Sustainability spotlightThis study presents a sustainable bioprocessing strategy to convert Sohiong (Prunus nepalensis), an underutilised wild fruit rich in phenolics and anthocyanins, into a high-value probiotic-fermented functional beverage. By integrating response surface methodology with artificial neural network–genetic algorithm modelling, the process achieved superior antioxidant activity and bioactive retention while minimising trial-and-error experimentation, thereby reducing material, energy, and experimental resource use. The approach promotes the development of clean-label, functional products using locally available biodiversity and aligns with the principles of the circular bioeconomy. Valorisation of indigenous fruits through precision fermentation contributes to SDG 3 (Good Health and Well-being), SDG 9 (Industry, Innovation and Infrastructure), SDG 12 (Responsible Consumption and Production), and SDG 13 (Climate Action). This work offers a scalable, data-driven model for sustainable, eco-innovative food bioprocessing that supports climate-smart nutrition, rural enterprise, and functional-beverage innovation, advancing sustainable food systems and promoting regional agricultural resilience. |
The biochemical composition of Sohiong (P. nepalensis) demonstrates remarkable therapeutic potential, containing high concentrations of anthocyanins (∼984 mg C3G per 100 g dry mass), essential micronutrients, and bioactive phytochemicals that contribute to its pronounced antioxidant capacity, as shown by DPPH and FRAP assays.3 These constituents have also been applied in product development, such as yoghurt, syrups, and hard candies, where anthocyanin stability was maintained over 14–90 days.4 However, commercial processing remains severely constrained due to an ephemeral harvesting season (August–November) and rapid post-harvest deterioration (shelf life of only 4–5 days under ambient conditions), limiting its accessibility to broader markets.5
The development of innovative processing technologies, particularly the formulation of probiotic-enriched products such as fermented beverages and dehydrated powders, presents a strategic approach to overcoming these inherent limitations. Such value-added initiatives preserve the functional bioactive components and extend the product's commercial viability, therefore addressing the growing consumer preference for nutraceutical products with demonstrated health benefits. Fermentative bioprocessing utilizing probiotic microorganisms represents a well-established biotechnological approach for enhancing the functional properties of food matrices. The strategic application of beneficial microorganisms, including Lactobacillus species and Bifidobacterium strains, facilitates the development of functional foods with demonstrated clinical efficacy in promoting intestinal health, immunomodulation, and optimizing nutrient bioavailability.6,7
Response surface methodology is a collection of statistical and mathematical methods designed to elucidate relationships among multiple independent variables and their corresponding response parameters,8 establishing it as the predominant optimization approach in fermentation process development.9 Contemporary research has witnessed the emergence of alternative algorithmic approaches for fermentation optimization applications. Advanced extraction methodologies have been refined through integration of response surface analysis with reverse propagation neural network–genetic algorithm frameworks. Dragoi et al.10 developed and validated an enhanced adaptive differential evolution algorithm incorporating neural modelling capable of optimizing aerobic fermentation processes using precise computational modelling.

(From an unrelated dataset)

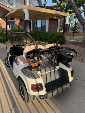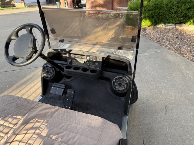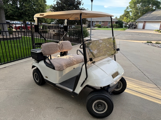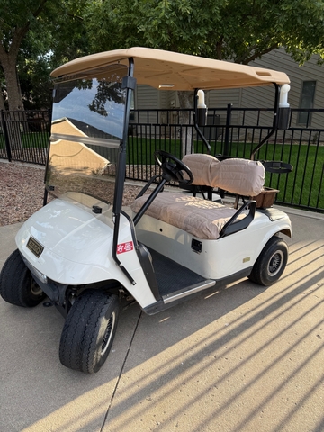 Comes with Charger, seat covers over the seats to protect them, Golf Cart Soft Cover for Rain/Weather, Seat Blanket, ball washer, and cooler. Windshield is new!

ANN constitutes sophisticated deep learning methodology capable of modelling intricate nonlinear interdependencies among process variables.9 GA represent computationally effective optimization techniques which emulate biological evolutionary mechanisms, including selection pressure, genetic crossover, and mutation operations. Throughout the preceding decade, the synergistic application of ANN–GA hybrid systems has gained prominence in fermentation process optimization and extraction parameter determination, demonstrating superior efficiency in identifying optimal operational conditions with reduced experimental burden. Representative applications include pectin recovery from sunflower seed matrices, polyphenolic compound extraction from green tea substrates, bioactive compound isolation from pitaya peel waste, and ellagitannin recovery from black raspberry seed materials.11–13 The superior performance of ANN systems in modelling complex nonlinear variable relationships often surpasses conventional fitting methodologies such as traditional RSM approaches.14
Although several studies highlight the effectiveness of statistical and AI-based optimization across various food systems, none have explored Sohiong, an underutilized, anthocyanin-rich wild fruit. For the first time, this research integrates RSM with ANN–GA hybrid modeling to optimize Sohiong probiotic beverage fermentation, thereby demonstrating both the functional potential and the superior predictive accuracy of ANN–GA in fermentation systems. The present investigation establishes the following research objectives: (I) implementation of the Plackett–Burman experimental design to identify statistically significant process variables, (II) development and validation of both ANN–GA and RSM predictive models, (III) comparative evaluation of RSM and ANN–GA methodologies to determine the optimal modelling approach and derive optimal fermentation parameters. The research outcomes will provide essential technical foundation for industrial production scaling while contributing valuable insights for fermentation optimization methodologies in similar bioprocessing applications.
The probiotic juice was prepared by inoculating a culture (either Lactobacillus plantarum MCC 2974 or Bifidobacterium BB-12) into the pasteurized juice at a concentration range of 4 × 106 to 8 × 106 CFU mL−1. The mixture was incubated at range of 35 to 37 °C for 24 to 72 hours to allow fermentation, thereby enhancing the probiotic content and flavor. The fermented juice was stored at 4 °C until further use.
Based on the findings of the PB experiment, the factors with significant response values were chosen. Six gradients, each with three parallel lines, were established, and the regression model and experimental experience determined the step size and direction. To determine the range and centre points of relevant factors in the ensuing tests, the indexes were carried out in accordance with the one-factor optimal conditions.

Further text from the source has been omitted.